Experimental and Finite Element Investigation of Tension-loaded ASTM A325 Bolts Under Simulated Fire Loading

Abstract

Nuts and bolts have been used in a wide range of steel structures for many years. However, these structures remain susceptible to fire damage. Conducting fire experiments on steel structures is costly and requires specialized equipment. The main objective of this research is to test, analyze and predict the behavior of ASTM A325 bolts in tension under simulated fire conditions and develop a reliable finite element model that can predict the response of similar bolts without the need for repeated testing. The experimental work was conducted at the University of Wisconsin-Milwaukee; a furnace was custom-built to test a bolted specimen under tension loading. The tests were divided into two groups, the first one was used to calibrate the equipment and choose a final testing arrangement; the second group, consisting of four identical tests, was used to validate the finite element model. The temperature-displacement and load-displacement response was recorded. The tested bolts exhibited a ductile fracture in which a cup-and-cone shaped failure surface forms in the threaded section, at the root of the nut.
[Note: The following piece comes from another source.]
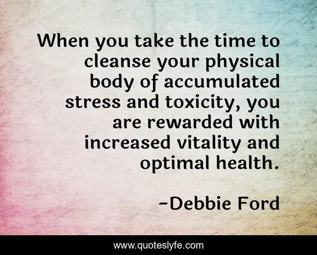This page presents the quote "When you take the time to cleanse your physical body of accumulated stress and toxicity, you are rewarded with increased vitality and optimal health.". Author of this quote is Debbie Ford. This quote is about body, stress, time,.
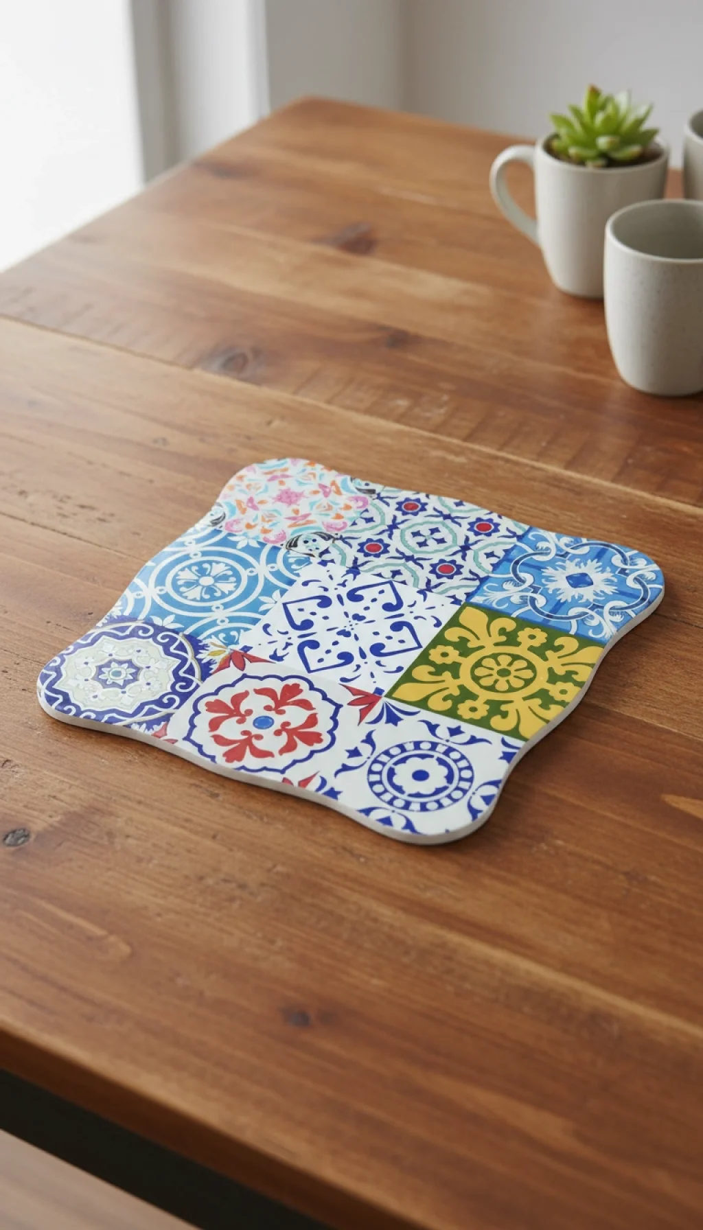 Doğal bambu ağaçlarından elde edilen mandala desenli tabak, mutfağınızın konseptini tamamlayan eşsiz bir dokunuş sunar.

A parametric three dimensional finite element model simulating the tested specimen and attachments was constructed in the ANSYS Workbench environment. The model included the intricate details of the bolt and nut threads, as well as all the other components of the tested specimen. A pretension load, a tension force and a heat profile were applied to the model and a nonlinear analysis was performed to simulate the experiments. The results of the FE model were in good agreement with the experimental results, deviations of results between experimental and FE results were within acceptable range.